**Try it**
Repeat each record below exactly, dropping the pictures.
[[ Given entries open ]]
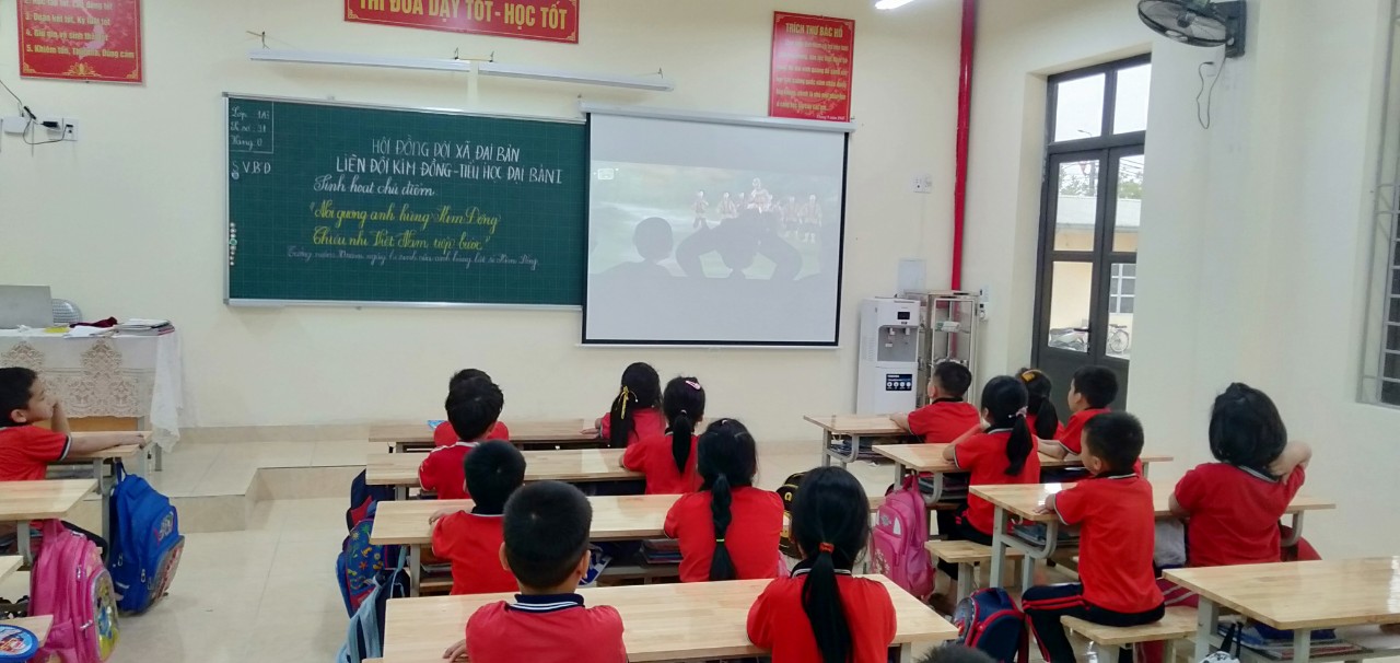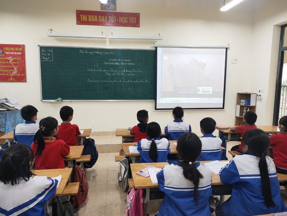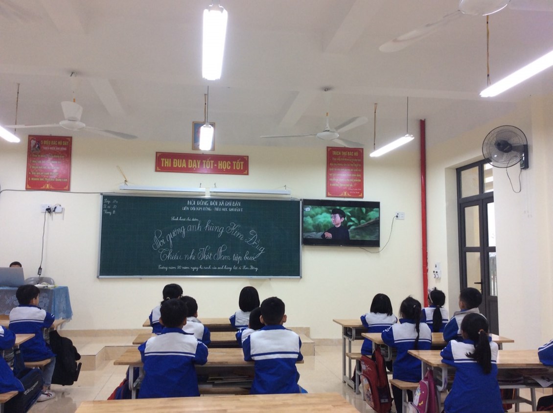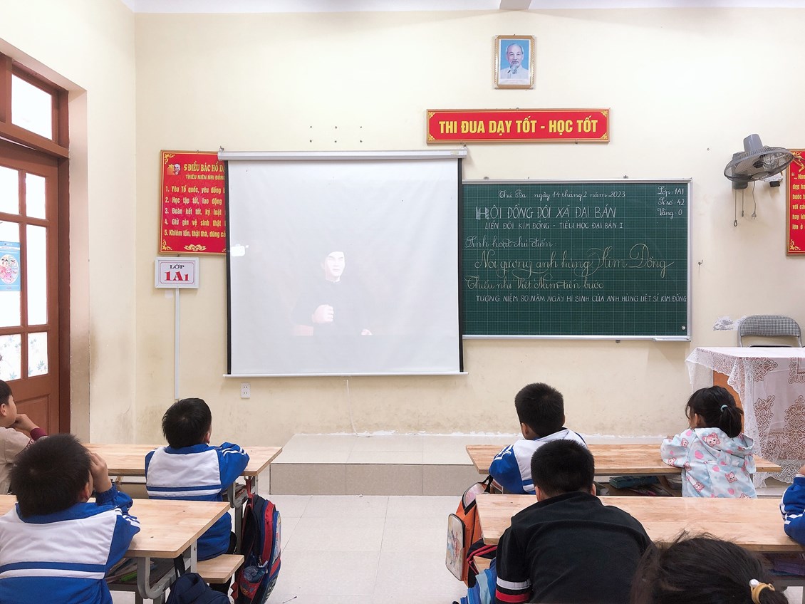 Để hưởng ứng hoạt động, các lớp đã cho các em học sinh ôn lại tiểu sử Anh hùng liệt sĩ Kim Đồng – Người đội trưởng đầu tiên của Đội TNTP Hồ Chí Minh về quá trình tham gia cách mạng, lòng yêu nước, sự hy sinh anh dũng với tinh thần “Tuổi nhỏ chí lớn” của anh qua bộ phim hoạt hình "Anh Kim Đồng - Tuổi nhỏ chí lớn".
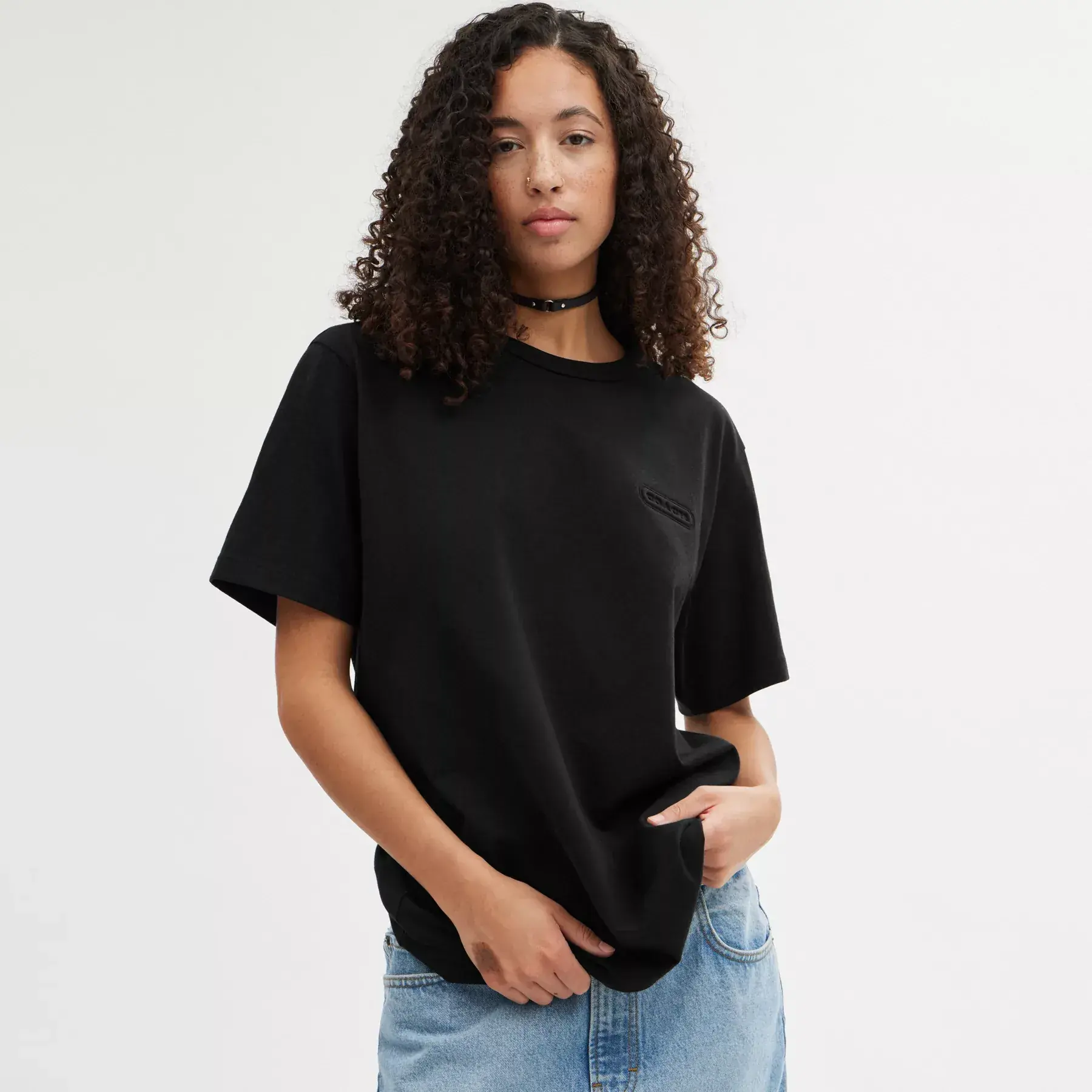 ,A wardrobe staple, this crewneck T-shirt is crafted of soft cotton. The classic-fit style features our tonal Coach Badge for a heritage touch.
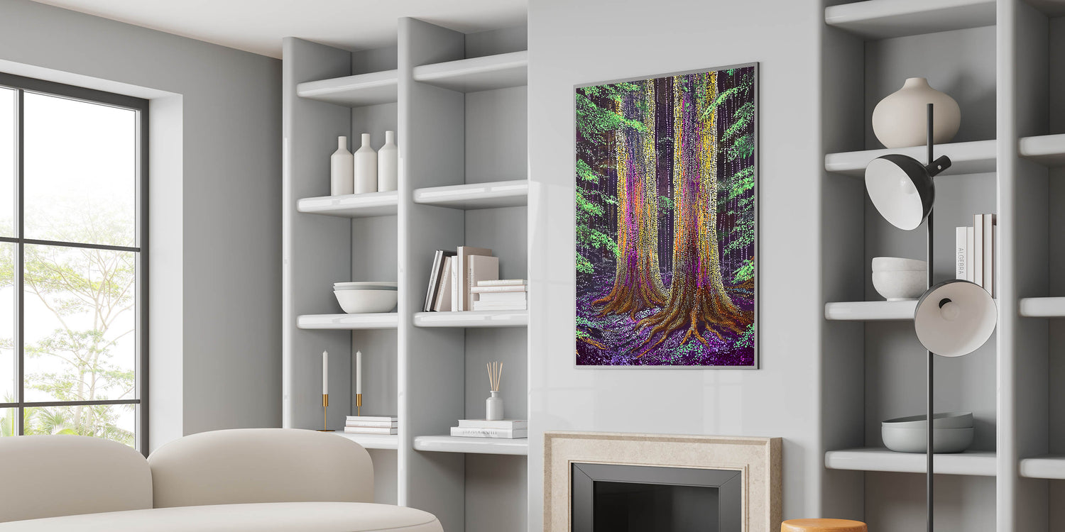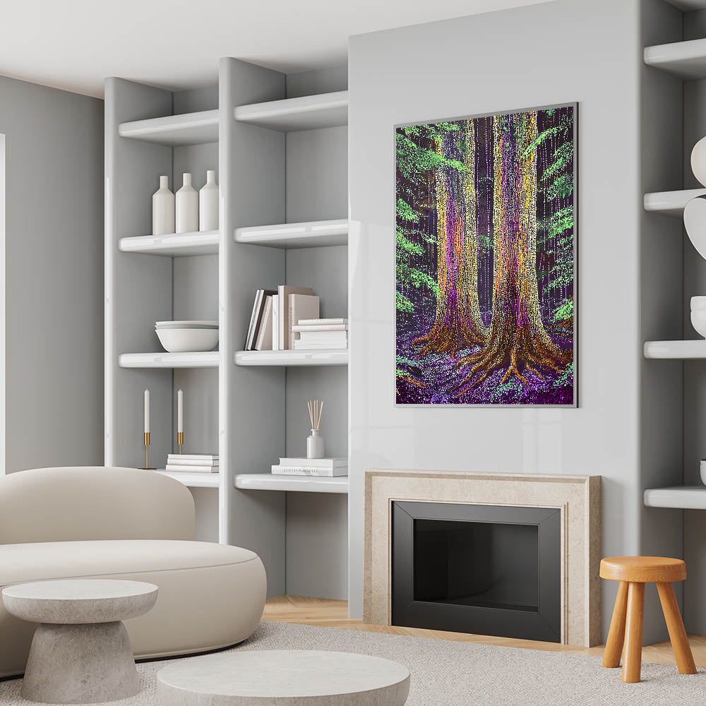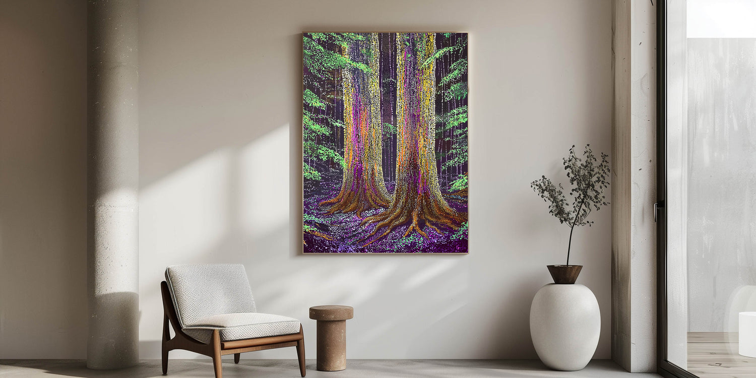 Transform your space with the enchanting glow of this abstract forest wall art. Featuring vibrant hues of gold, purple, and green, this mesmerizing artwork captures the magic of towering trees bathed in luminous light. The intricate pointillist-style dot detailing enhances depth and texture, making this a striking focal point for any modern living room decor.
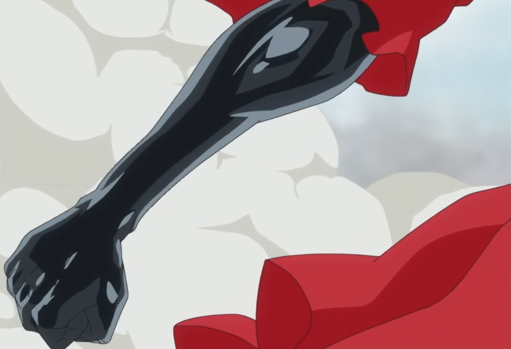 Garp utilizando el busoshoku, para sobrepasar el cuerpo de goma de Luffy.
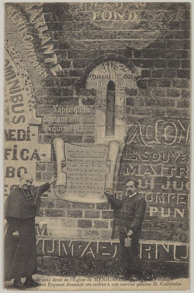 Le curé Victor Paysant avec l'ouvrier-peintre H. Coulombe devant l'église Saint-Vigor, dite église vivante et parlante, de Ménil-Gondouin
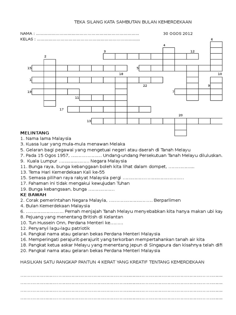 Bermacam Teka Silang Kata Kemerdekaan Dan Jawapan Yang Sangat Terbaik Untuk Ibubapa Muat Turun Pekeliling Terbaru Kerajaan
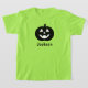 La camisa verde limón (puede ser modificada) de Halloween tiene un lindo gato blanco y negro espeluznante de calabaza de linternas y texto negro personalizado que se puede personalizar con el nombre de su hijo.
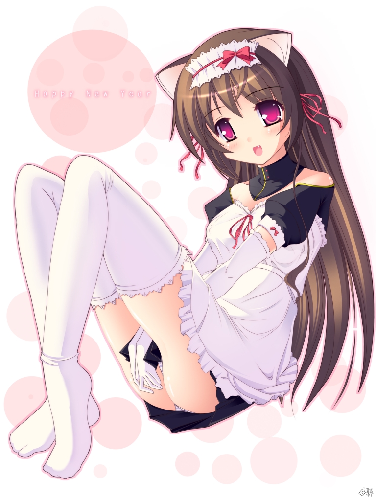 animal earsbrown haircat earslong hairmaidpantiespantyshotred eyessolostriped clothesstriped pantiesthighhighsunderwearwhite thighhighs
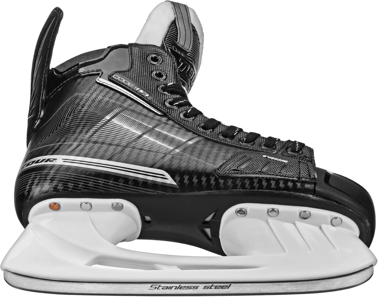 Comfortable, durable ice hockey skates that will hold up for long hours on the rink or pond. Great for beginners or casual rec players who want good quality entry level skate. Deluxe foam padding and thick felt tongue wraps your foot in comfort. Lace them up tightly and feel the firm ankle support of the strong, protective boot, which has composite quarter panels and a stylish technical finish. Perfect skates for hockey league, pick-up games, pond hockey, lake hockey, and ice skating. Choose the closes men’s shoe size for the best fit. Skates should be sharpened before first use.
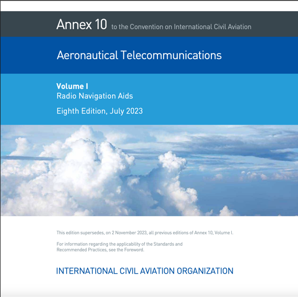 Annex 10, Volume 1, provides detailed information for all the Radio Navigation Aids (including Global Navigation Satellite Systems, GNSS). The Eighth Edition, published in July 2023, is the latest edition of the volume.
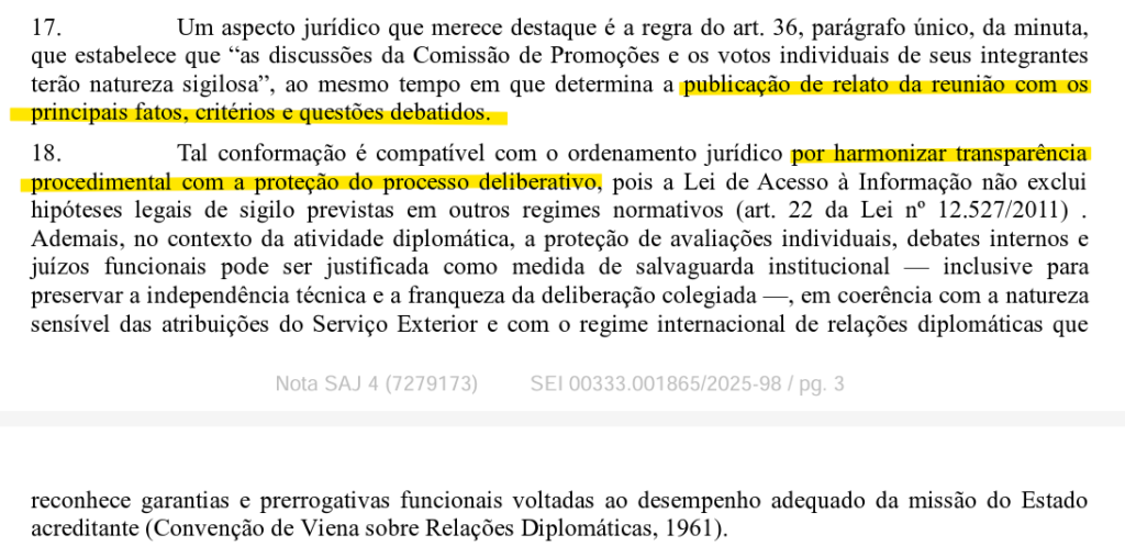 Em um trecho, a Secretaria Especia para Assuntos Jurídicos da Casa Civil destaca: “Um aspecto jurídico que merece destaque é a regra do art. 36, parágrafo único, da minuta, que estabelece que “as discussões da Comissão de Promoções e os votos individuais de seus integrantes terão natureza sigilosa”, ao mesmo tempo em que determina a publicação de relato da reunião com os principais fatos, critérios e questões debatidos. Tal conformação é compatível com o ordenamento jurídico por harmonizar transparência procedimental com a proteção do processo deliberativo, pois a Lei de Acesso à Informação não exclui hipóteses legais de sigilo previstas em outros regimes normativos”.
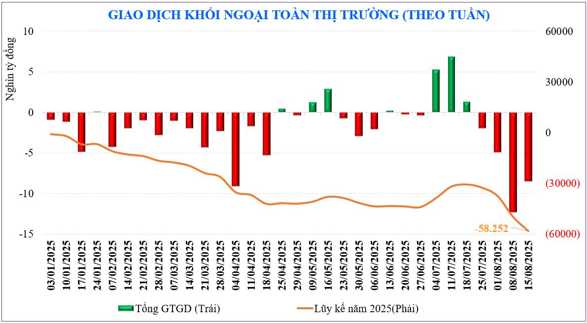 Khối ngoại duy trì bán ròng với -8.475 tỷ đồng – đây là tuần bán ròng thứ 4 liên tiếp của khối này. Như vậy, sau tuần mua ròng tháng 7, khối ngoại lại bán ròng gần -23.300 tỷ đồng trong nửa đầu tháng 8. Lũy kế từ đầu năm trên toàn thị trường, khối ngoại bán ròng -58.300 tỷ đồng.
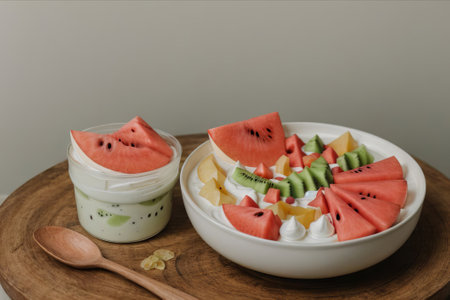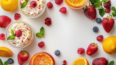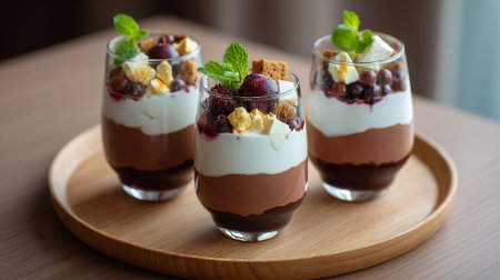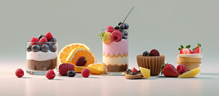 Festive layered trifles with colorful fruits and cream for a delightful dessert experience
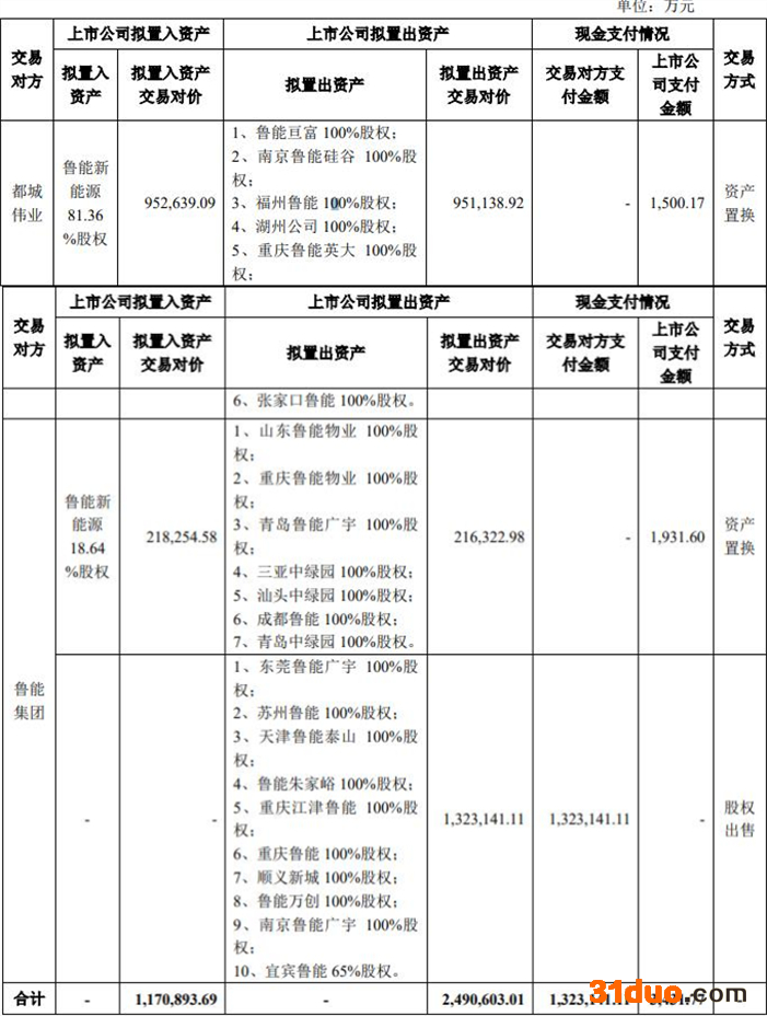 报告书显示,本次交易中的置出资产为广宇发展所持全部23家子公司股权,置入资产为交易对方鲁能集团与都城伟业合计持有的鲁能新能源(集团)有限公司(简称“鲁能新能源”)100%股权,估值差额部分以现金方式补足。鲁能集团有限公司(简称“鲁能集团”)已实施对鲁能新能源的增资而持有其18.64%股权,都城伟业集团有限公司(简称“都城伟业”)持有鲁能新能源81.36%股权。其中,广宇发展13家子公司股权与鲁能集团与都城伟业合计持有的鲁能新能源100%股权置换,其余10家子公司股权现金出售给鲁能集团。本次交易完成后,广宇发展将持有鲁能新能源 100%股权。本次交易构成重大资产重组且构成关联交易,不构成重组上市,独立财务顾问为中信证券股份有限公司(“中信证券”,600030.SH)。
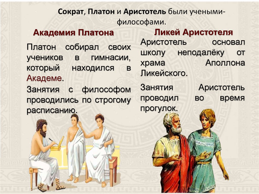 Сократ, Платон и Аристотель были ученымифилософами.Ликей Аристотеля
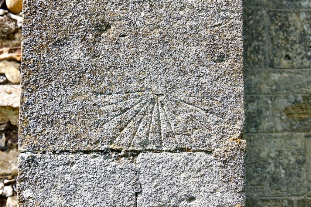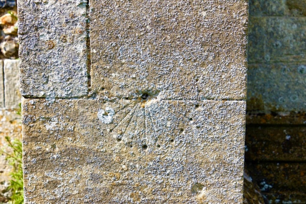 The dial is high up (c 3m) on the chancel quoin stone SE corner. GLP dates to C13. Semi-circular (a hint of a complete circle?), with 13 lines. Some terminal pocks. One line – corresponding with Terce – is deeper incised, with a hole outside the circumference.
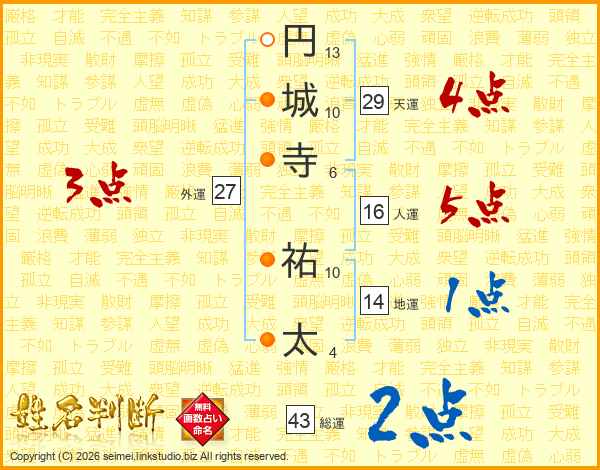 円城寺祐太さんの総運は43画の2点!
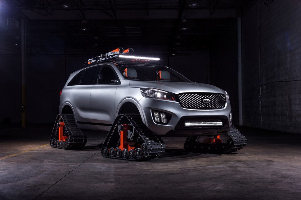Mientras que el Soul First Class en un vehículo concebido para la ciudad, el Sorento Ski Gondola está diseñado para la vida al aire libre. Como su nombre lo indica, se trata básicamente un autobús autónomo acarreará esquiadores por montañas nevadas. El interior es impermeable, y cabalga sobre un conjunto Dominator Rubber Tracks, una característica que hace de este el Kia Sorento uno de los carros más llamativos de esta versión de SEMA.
[[ Given entries closed ]]
**Finished task**
 Để hưởng ứng hoạt động, các lớp đã cho các em học sinh ôn lại tiểu sử Anh hùng liệt sĩ Kim Đồng – Người đội trưởng đầu tiên của Đội TNTP Hồ Chí Minh về quá trình tham gia cách mạng, lòng yêu nước, sự hy sinh anh dũng với tinh thần “Tuổi nhỏ chí lớn” của anh qua bộ phim hoạt hình "Anh Kim Đồng - Tuổi nhỏ chí lớn".
 ,A wardrobe staple, this crewneck T-shirt is crafted of soft cotton. The classic-fit style features our tonal Coach Badge for a heritage touch.
 Transform your space with the enchanting glow of this abstract forest wall art. Featuring vibrant hues of gold, purple, and green, this mesmerizing artwork captures the magic of towering trees bathed in luminous light. The intricate pointillist-style dot detailing enhances depth and texture, making this a striking focal point for any modern living room decor.
 Garp utilizando el busoshoku, para sobrepasar el cuerpo de goma de Luffy.
 Le curé Victor Paysant avec l'ouvrier-peintre H. Coulombe devant l'église Saint-Vigor, dite église vivante et parlante, de Ménil-Gondouin
 Bermacam Teka Silang Kata Kemerdekaan Dan Jawapan Yang Sangat Terbaik Untuk Ibubapa Muat Turun Pekeliling Terbaru Kerajaan
 La camisa verde limón (puede ser modificada) de Halloween tiene un lindo gato blanco y negro espeluznante de calabaza de linternas y texto negro personalizado que se puede personalizar con el nombre de su hijo.
 animal earsbrown haircat earslong hairmaidpantiespantyshotred eyessolostriped clothesstriped pantiesthighhighsunderwearwhite thighhighs
 Comfortable, durable ice hockey skates that will hold up for long hours on the rink or pond. Great for beginners or casual rec players who want good quality entry level skate. Deluxe foam padding and thick felt tongue wraps your foot in comfort. Lace them up tightly and feel the firm ankle support of the strong, protective boot, which has composite quarter panels and a stylish technical finish. Perfect skates for hockey league, pick-up games, pond hockey, lake hockey, and ice skating. Choose the closes men’s shoe size for the best fit. Skates should be sharpened before first use.
 Annex 10, Volume 1, provides detailed information for all the Radio Navigation Aids (including Global Navigation Satellite Systems, GNSS). The Eighth Edition, published in July 2023, is the latest edition of the volume.
 Em um trecho, a Secretaria Especia para Assuntos Jurídicos da Casa Civil destaca: “Um aspecto jurídico que merece destaque é a regra do art. 36, parágrafo único, da minuta, que estabelece que “as discussões da Comissão de Promoções e os votos individuais de seus integrantes terão natureza sigilosa”, ao mesmo tempo em que determina a publicação de relato da reunião com os principais fatos, critérios e questões debatidos. Tal conformação é compatível com o ordenamento jurídico por harmonizar transparência procedimental com a proteção do processo deliberativo, pois a Lei de Acesso à Informação não exclui hipóteses legais de sigilo previstas em outros regimes normativos”.
 Khối ngoại duy trì bán ròng với -8.475 tỷ đồng – đây là tuần bán ròng thứ 4 liên tiếp của khối này. Như vậy, sau tuần mua ròng tháng 7, khối ngoại lại bán ròng gần -23.300 tỷ đồng trong nửa đầu tháng 8. Lũy kế từ đầu năm trên toàn thị trường, khối ngoại bán ròng -58.300 tỷ đồng.
 Festive layered trifles with colorful fruits and cream for a delightful dessert experience
 报告书显示,本次交易中的置出资产为广宇发展所持全部23家子公司股权,置入资产为交易对方鲁能集团与都城伟业合计持有的鲁能新能源(集团)有限公司(简称“鲁能新能源”)100%股权,估值差额部分以现金方式补足。鲁能集团有限公司(简称“鲁能集团”)已实施对鲁能新能源的增资而持有其18.64%股权,都城伟业集团有限公司(简称“都城伟业”)持有鲁能新能源81.36%股权。其中,广宇发展13家子公司股权与鲁能集团与都城伟业合计持有的鲁能新能源100%股权置换,其余10家子公司股权现金出售给鲁能集团。本次交易完成后,广宇发展将持有鲁能新能源 100%股权。本次交易构成重大资产重组且构成关联交易,不构成重组上市,独立财务顾问为中信证券股份有限公司(“中信证券”,600030.SH)。
 Сократ, Платон и Аристотель были ученымифилософами.Ликей Аристотеля
 The dial is high up (c 3m) on the chancel quoin stone SE corner. GLP dates to C13. Semi-circular (a hint of a complete circle?), with 13 lines. Some terminal pocks. One line – corresponding with Terce – is deeper incised, with a hole outside the circumference.
 円城寺祐太さんの総運は43画の2点!
Mientras que el Soul First Class en un vehículo concebido para la ciudad, el Sorento Ski Gondola está diseñado para la vida al aire libre. Como su nombre lo indica, se trata básicamente un autobús autónomo acarreará esquiadores por montañas nevadas. El interior es impermeable, y cabalga sobre un conjunto Dominator Rubber Tracks, una característica que hace de este el Kia Sorento uno de los carros más llamativos de esta versión de SEMA.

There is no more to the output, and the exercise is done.